Leo a mi amiga Vailima y recuerdo cuanto hablan las paredes de la Alhambra. La "Qal'at al-hamra" (Fortaleza Roja), según la leyenda, nos narra en sus muros páginas de la historia, de la poesía, de la ciencia.
Como ella se ha acercado a la Alhambra desde las matemáticas yo voy a intentarlo desde la poesía. Ibn Zamrak (1.333 - 1.393), llamado el poeta de la Alhambra, dejó su impronta por diversos rincones de la construcción. En el conocidisimo Patio de los Leones, en el borde de su taza octogonal se halla esculpida la siguiente casida del poeta andalusi:
"Bendito sea Aquél que otorgó al iman Mohamed
las bellas ideas para engalanar sus mansiones.
Pues, ¿acaso no hay en este jardín maravillas
que Dios ha hecho incomparables en su hermosura,
y una escultura de perlas de transparente claridad,
cuyos bordes se decoran con orla de aljófar?
Plata fundida corre entre las perlas,
a las que semeja belleza alba y pura.
En apariencia, agua y mármol parecen confundirse,
sin que sepamos cuál de ambos se desliza.
¿No ves cómo el agua se derrama en la taza,
pero sus caños la esconden enseguida?
Es un amante cuyos párpados rebosan de lágrimas,
lágrimas que esconde por miedo a un delator.
¿No es, en realidad, cual blanca nube
que vierte en los leones sus acequias
y parece la mano del califa, que, de mañana,
prodiga a los leones de la guerra sus favores?

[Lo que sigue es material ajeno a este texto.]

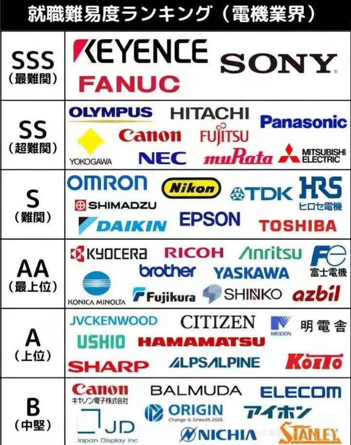 SS(超難関):OLYMPUS、HITACHI、Panasonic、Canon、Fujitsu等

Quien contempla los leones en actitud amenazante,
sólo el respeto contiene su enojo.
¡Oh descendiente de los Ansares, y no por línea indirecta,
herencia de nobleza, que a los fatuos desestima:
Que la paz de Dios sea contigo y pervivas incólume
renovando tus festines y afligiendo a tus enemigos!"
Una razón más para que sea una de las grandes maravillas del mundo.